What the task asks: Output, word for word, the line that contains "ROT Front |" and all lines after it in the records below, omitting pictures.

Records to use:

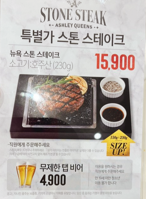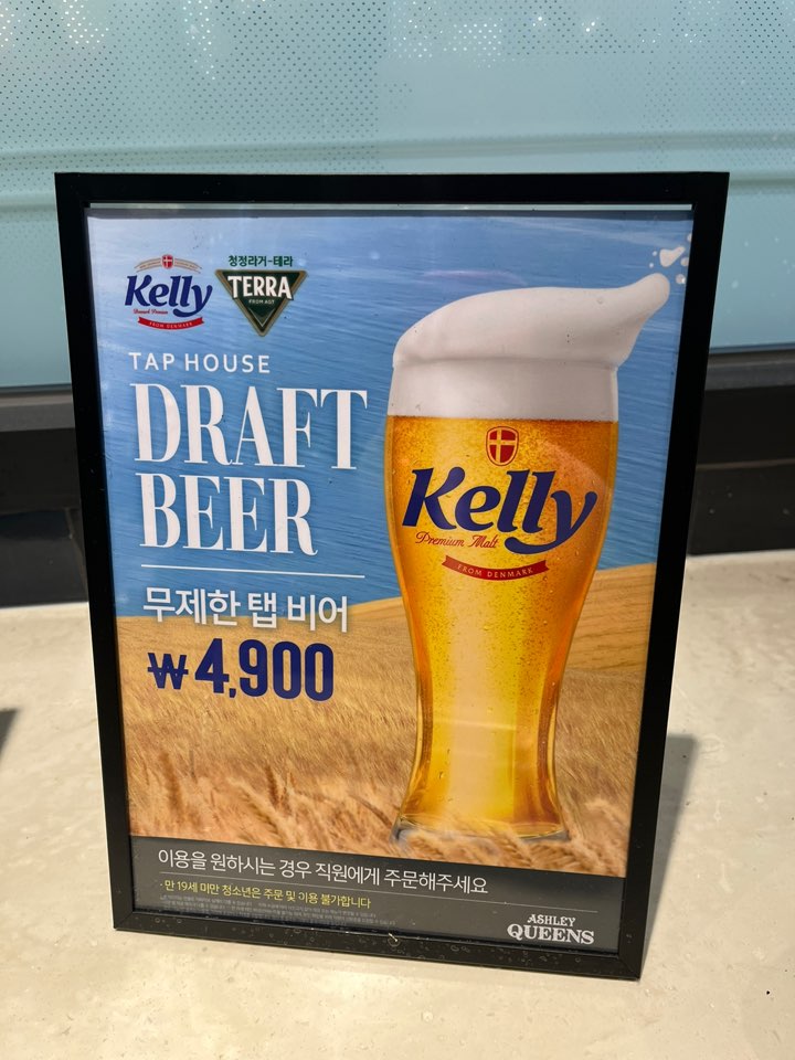 애슐리퀸즈의 매력은 4,900원 무제한 탭 비어인 것 같습니다. 주모 로라 기준이요. 하하.
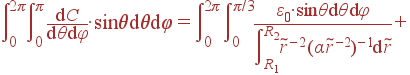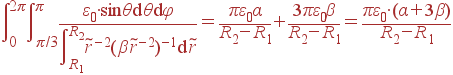 Задача. Часть сферического конденсатора (область θ<π/3) заполнена диэлектриком с проницаемостью ε(r) = α/r2, а остальная часть имеет ε(r) = β/r2. Найти емкость, если радиусы обкладок R1 и R2.
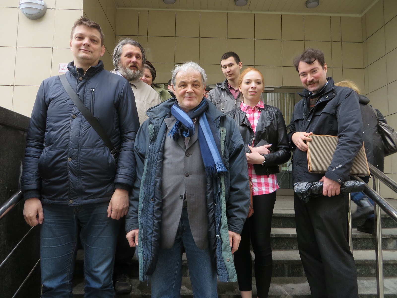 | Comrade Alexander Batov (left) with supporters after his release. Photo: ROT Front |
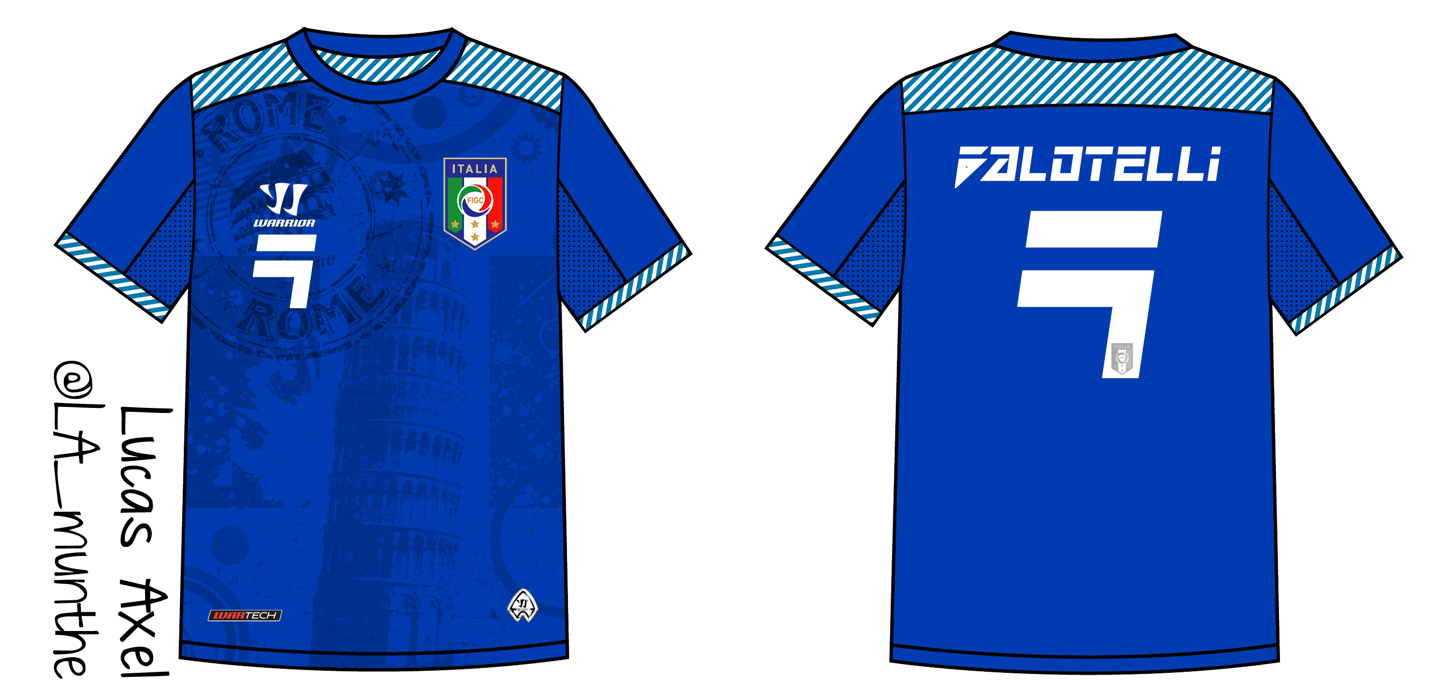This kit is mainly cobalt blue with the candy blue and white stripes pattern on the shoulder part. This kit also features the unique motive in front of the kit : The grunge vector art of Pisa Leaning Tower and the rubber stamp graphic of Colosseum in Rome to honour the Holy Roman Empire.
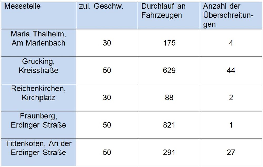 Ergebnisse der Geschwindigkeitsmessungen im Oktober 2025:

Solution to this problem:
 | Comrade Alexander Batov (left) with supporters after his release. Photo: ROT Front |
This kit is mainly cobalt blue with the candy blue and white stripes pattern on the shoulder part. This kit also features the unique motive in front of the kit : The grunge vector art of Pisa Leaning Tower and the rubber stamp graphic of Colosseum in Rome to honour the Holy Roman Empire.
 Ergebnisse der Geschwindigkeitsmessungen im Oktober 2025:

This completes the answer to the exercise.